Minister to clamp down on computer crime, sanction Skype taps

New legislation will make it possible for police and justice ministry officials to hack into suspects’ computers even if the server is abroad, and tap into Skype conversations, according to various media reports on Thursday.

Nos television says justice minister Ivo Opstelten has drawn up a draft bill to tackle computer-related crimes because current rules are outdated. The bill has been sent to the public prosecution department and legal experts for their opinion.

Opstelten says the new rules will allow officials to better combat ‘botnets’ – networks of computers which have been taken over by crooks and used to bombard systems with information, spread viruses or steal inlog details.


Dutch banks and other institutions have been plagued by a recent spate of DDoS attacks, in which botnets are used to blast them with information, effectively putting their websites out of action.
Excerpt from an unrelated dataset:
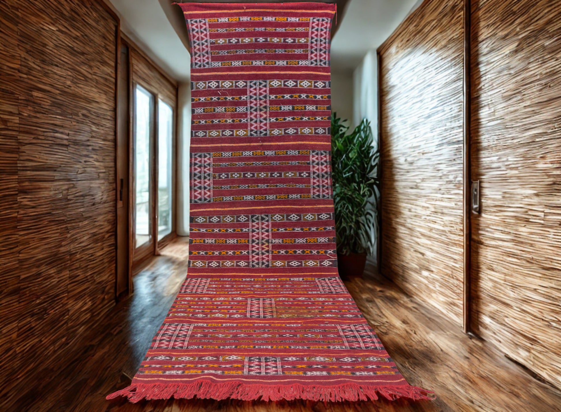 This Zemmour runner is a woven archive of the Middle Atlas: a crimson ground enriched with ritual geometry, each band narrating lineage and protection. Designed to accompany narrow spaces—hallways, vestibules, layered interiors—its composition transforms function into ceremony.

The new rules would give police investigators the right to access servers to disable botnets. This option could only be used under strict conditions and would have to be approved first by a judge, the minister said.

If passed, the legislation would also force people suspected of terrorist or child pornography offences to hand over their passwords and encryption details or face up to three years in jail, the Telegraaf said. It would also give police the right to listen in to Skype and other VOIP conversations.

Opstelten also plans to make to make it a criminal offence to ‘buy’ stolen computer information, Nos says.